> **About this exercise**
Aim for an exact copy of the listing, without any images.

> **The data**
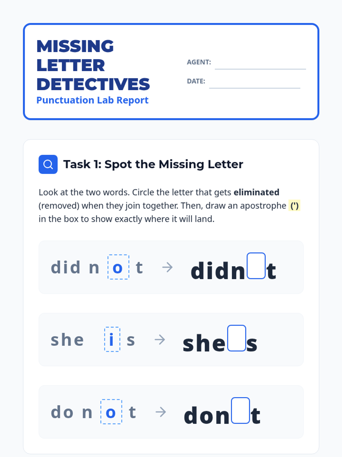 Students learn to use the apostrophe as a 'glue' tool to combine words. They will transform stiff sentences into smooth ones by replacing word pairs with contractions.
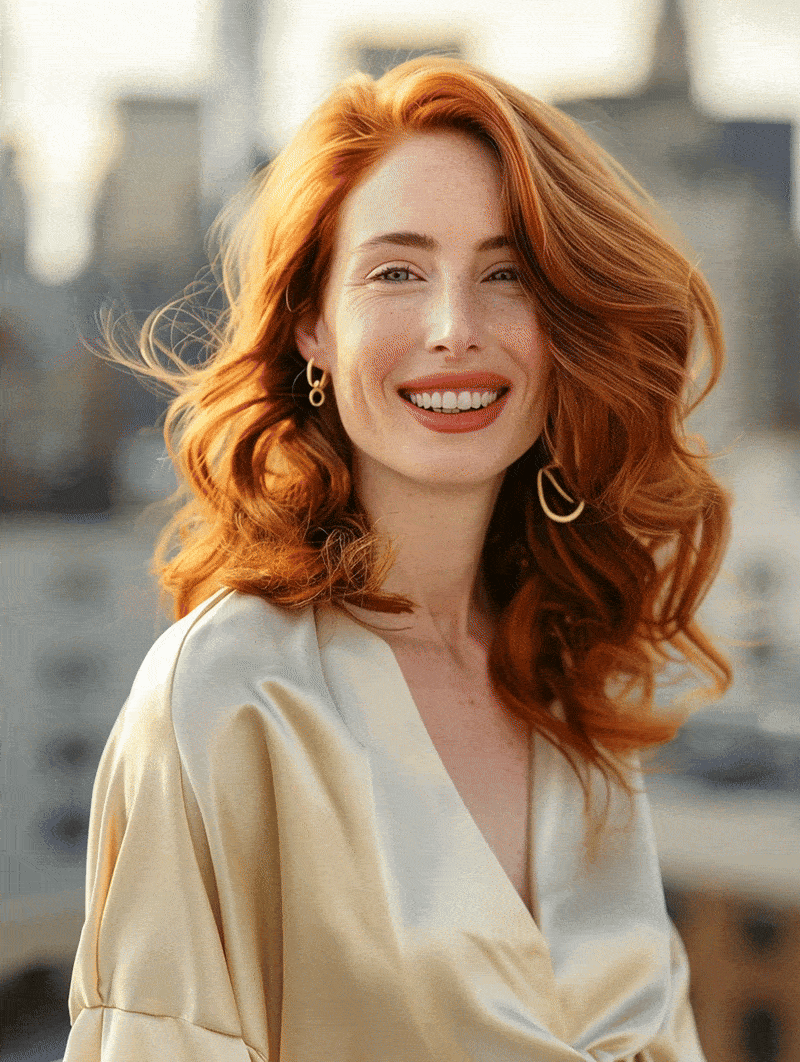 A bold yet wearable red with luminous movement. Styled in polished waves that catch the light, this look offers a glamorous yet effortless downtown edge. Vibrant, confident, and full of energy, it makes a striking statement.
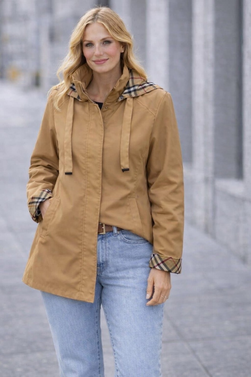 O grande destaque está no forro xadrez no interior do capuz e nos punhos — um detalhe elegante que faz toda a diferença quando arregaças a manga.
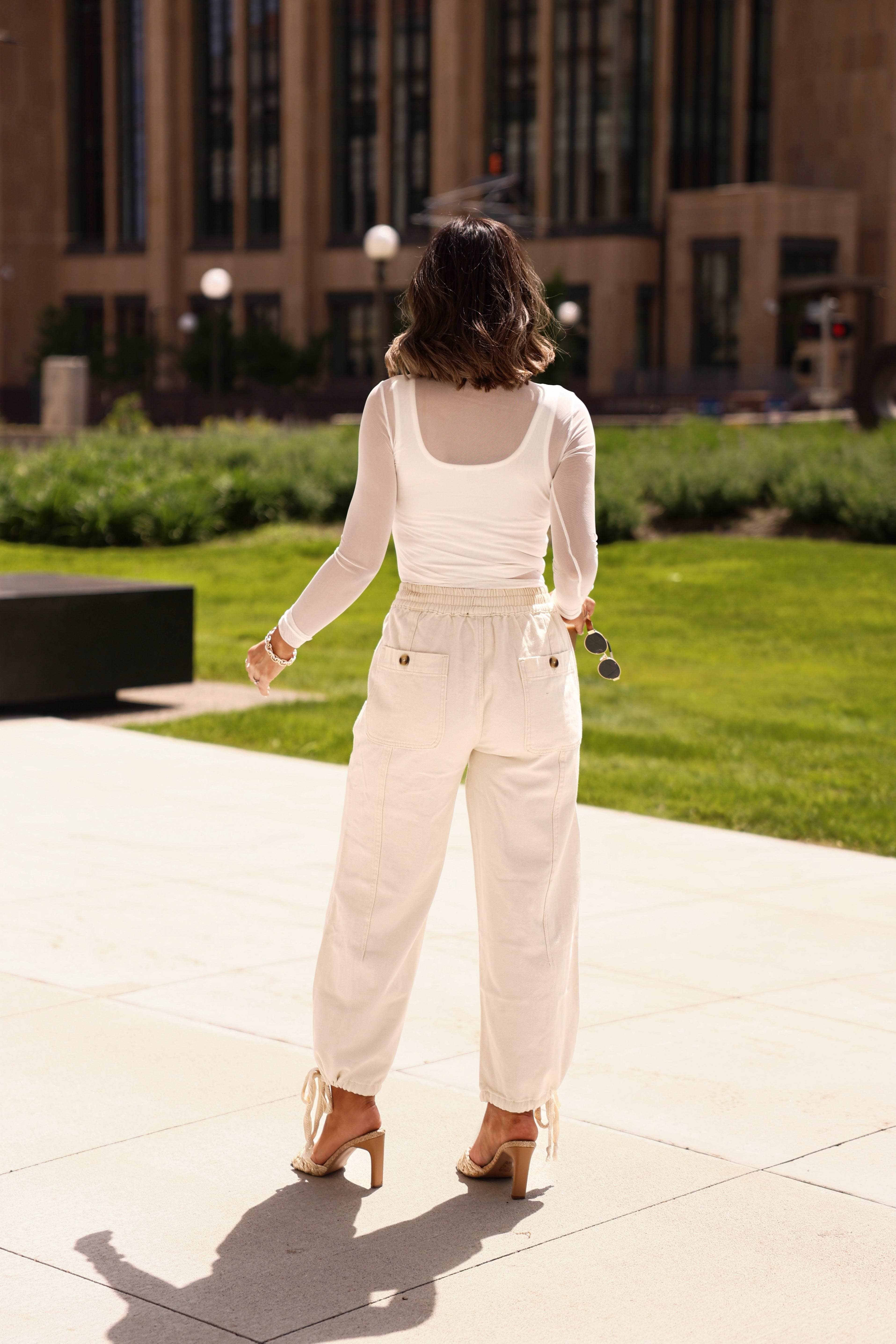 Versatile Neutral Ground Cargo Pants feature an elastic waistband with adjustable front tie for perfect fit. Practical design includes double deep front pockets and secure button-closure thigh pocket. Made from 100% breathable cotton with clever adjustable hem ties to customize your look—from relaxed to tapered. The ultimate blend of comfort and utility for your everyday adventures!

> **Solution below**
 Students learn to use the apostrophe as a 'glue' tool to combine words. They will transform stiff sentences into smooth ones by replacing word pairs with contractions.
 A bold yet wearable red with luminous movement. Styled in polished waves that catch the light, this look offers a glamorous yet effortless downtown edge. Vibrant, confident, and full of energy, it makes a striking statement.
 O grande destaque está no forro xadrez no interior do capuz e nos punhos — um detalhe elegante que faz toda a diferença quando arregaças a manga.
 Versatile Neutral Ground Cargo Pants feature an elastic waistband with adjustable front tie for perfect fit. Practical design includes double deep front pockets and secure button-closure thigh pocket. Made from 100% breathable cotton with clever adjustable hem ties to customize your look—from relaxed to tapered. The ultimate blend of comfort and utility for your everyday adventures!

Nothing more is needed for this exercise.